Detailed Pipeline Flow

Job Submission and Setup:

def process(self, instance, sampling_params, job_id=None):
    # 1. Create JobDetails container
    job_details = JobDetails()
    job_details.job_id = job_id or self.get_unique_id(instance)
    job_details.instance = instance
    job_details.max_iterations = sampling_params.pop('max_iterations', 2)
    job_details.llm_config = self.create_llm_config(sampling_params)
    job_details.start_time = time.time()
    job_details.event = threading.Event()  # For synchronization

    # 2. Store job details and add to init queue
    self._job_details[job_id] = job_details
    self.init_queue.put(job_id)

    # 3. Wait for completion
    job_details.event.wait()

Stage 1: Initialization Worker (_init_worker)
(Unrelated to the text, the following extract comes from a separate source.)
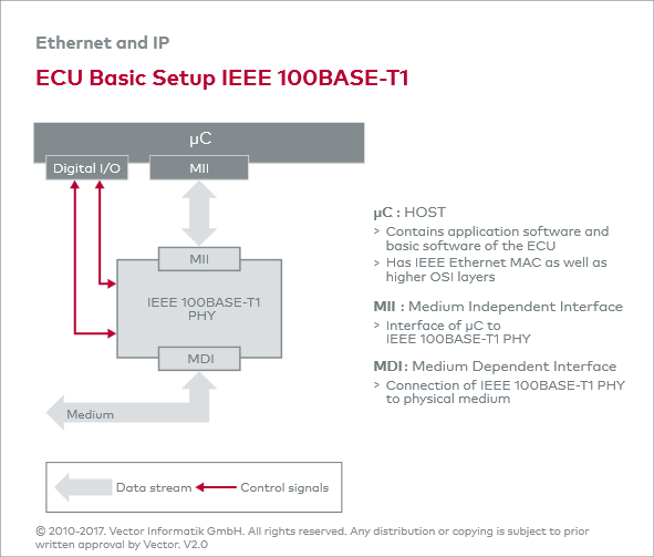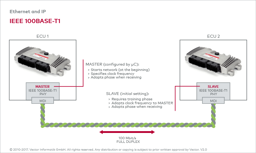 4B3B、3B2T和PAM3方法用于编码和解码以及产生差分电压。这些方法由IEEE 100BASE-T1 PHY实现,集成在ECU的一个特定模块中。PHY在物理介质和以太网控制器之间建立连接。

The initialization stage prepares the execution environment:

async def _init_worker(self, wid):
    job_id = await asyncio.to_thread(self.init_queue.get)
    job_details = self._job_details[job_id]

    # Determine agent type from instance
    dataset_type = getattr(job_details.instance, 'data_source', 'swebench')
    _init_func = get_registered_functions('init', dataset_type)

    # Call registered init function
    runtime, metadata, config = await _init_func(
        job_details.instance,      # Input: Problem instance data
        job_details.llm_config,    # Input: LLM configuration
        sid=job_id,                # Input: Session ID for tracking
        max_iterations=job_details.max_iterations  # Input: Iteration limit
    )

    # Store results in job_details
    job_details.runtime = runtime    # Runtime environment (Docker, etc.)
    job_details.metadata = metadata  # Evaluation metadata
    job_details.config = config      # OpenHands configuration

    # Move to next stage
    self.run_queue.put(job_id)

What the init function receives and produces:

Inputs:
- instance (pd.Series): Task instance data (format depends on agent type)
- llm_config (LLMConfig): LLM server configuration and parameters
- sid (str): Session ID for logging and tracking
- max_iterations (int): Maximum number of agent iterations allowed
Outputs:
- runtime (Runtime): Execution environment for the agent
- metadata (EvalMetadata): Agent-specific evaluation configuration
- config (OpenHandsConfig): Agent configuration including LLM settings

Stage 2: Run Worker (_run_worker)

The run stage executes the agent within the prepared environment:

async def _run_worker(self, wid):
    job_id = await asyncio.to_thread(self.run_queue.get)
    job_details = self._job_details[job_id]
    job_details.start_run_time = time.time()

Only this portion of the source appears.